Population (2018-01-01)
- • Total: 1,604
- • Density: 82.64/km^{2} (214.0/sq mi)
- Time zone: UTC+1 (CET)
- • Summer (DST): UTC+2 (CEST)
- Postal code: 4460
- Area code: 07255
- Vehicle registration: SE
- Website: www.losenstein. ooe.gv.at

= Losenstein =

Losenstein is a small village in the south of Upper Austria, Austria.
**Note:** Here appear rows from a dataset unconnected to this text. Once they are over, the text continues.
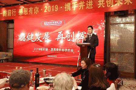 然后澳思泰總經(jīng)理俞政濤發(fā)表新年致辭,他說,2018年公司取得了驕人的業(yè)績,總銷售收入和利稅增長超過30%,共取得19項(xiàng)知識產(chǎn)權(quán),企業(yè)管理水平進(jìn)一步提升,他代表公司感謝全體員工、家屬和各界朋友!2019年公司要加大技術(shù)創(chuàng)新力度,以滿足用戶需求為目標(biāo),加強(qiáng)內(nèi)部管理,“穩(wěn)健發(fā)展,再創(chuàng)輝煌”。隨后他宣布:聯(lián)歡晚會正式開始!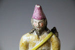 The book titled Robinson Crusoe by Daniel Defoe was published int he early 18th century. Crusoe is modelled with good detail with attention given to his survival tools, a gun,axe, swag bag and powder horn. The story was turned into a play and was performed in English theatres in the late 18th and early 19th century. The enduring story of a castaway marooned on an island for 28 years captures the imagination, it is likely that this figure was produced as a memento of the theatrical production.
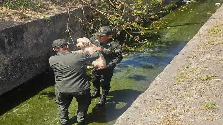 1/12/2024.- Durante un patrullaje preventivo por la avenida Tadeo Haenke, el subcomandante Cnl. DESP. Rubén Alberto Cornejo Parra y el subteniente Williams Toroya Martínez rescataron a un perro de raza Chapi que se encontraba atrapado en un canal de agua. Los efectivos, al percatarse de la situación, ingresaron al canal y lograron poner al animal a salvo, verificando que se encontraba en buen estado de salud.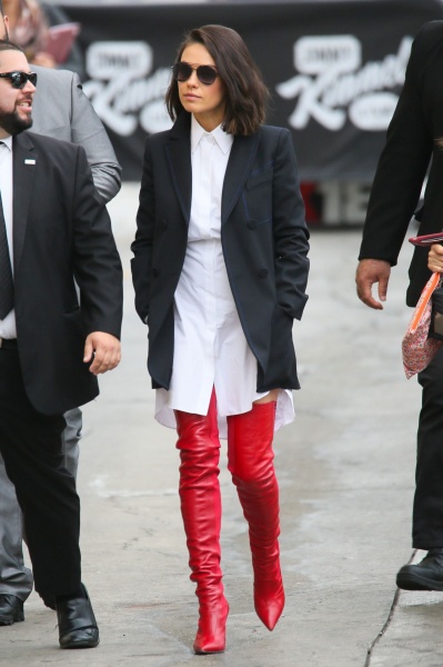 На шоу Джимми Киммела 34-летняя Мила появилась в непривычном для себя образе: она выбрала красные лаковые ботфорты от Fendi, белое платье-рубашку и черный жакет в стиле oversize.

About 1,700 inhabitants call Losenstein their home.
It lies in the southernmost quarter of Upper Austria called "Traunviertel". Its spatial dimension from North to South is 8,1 km, from West to East 4,5 km. 45,9% of its area are covered by forests, another 39,7% are used for agricultural purposes. The closest city of administrative importance is Steyr, which is 20 km to North. It can be accessed via the "B-109 Eisenbundesstrasse" or by train.

Losenstein is the birthplace of the famous dialect poet Anton Schosser (1801–1849). One of his most known songs is the Erzherzog-Johann-Jodler "Wo i geh und steh".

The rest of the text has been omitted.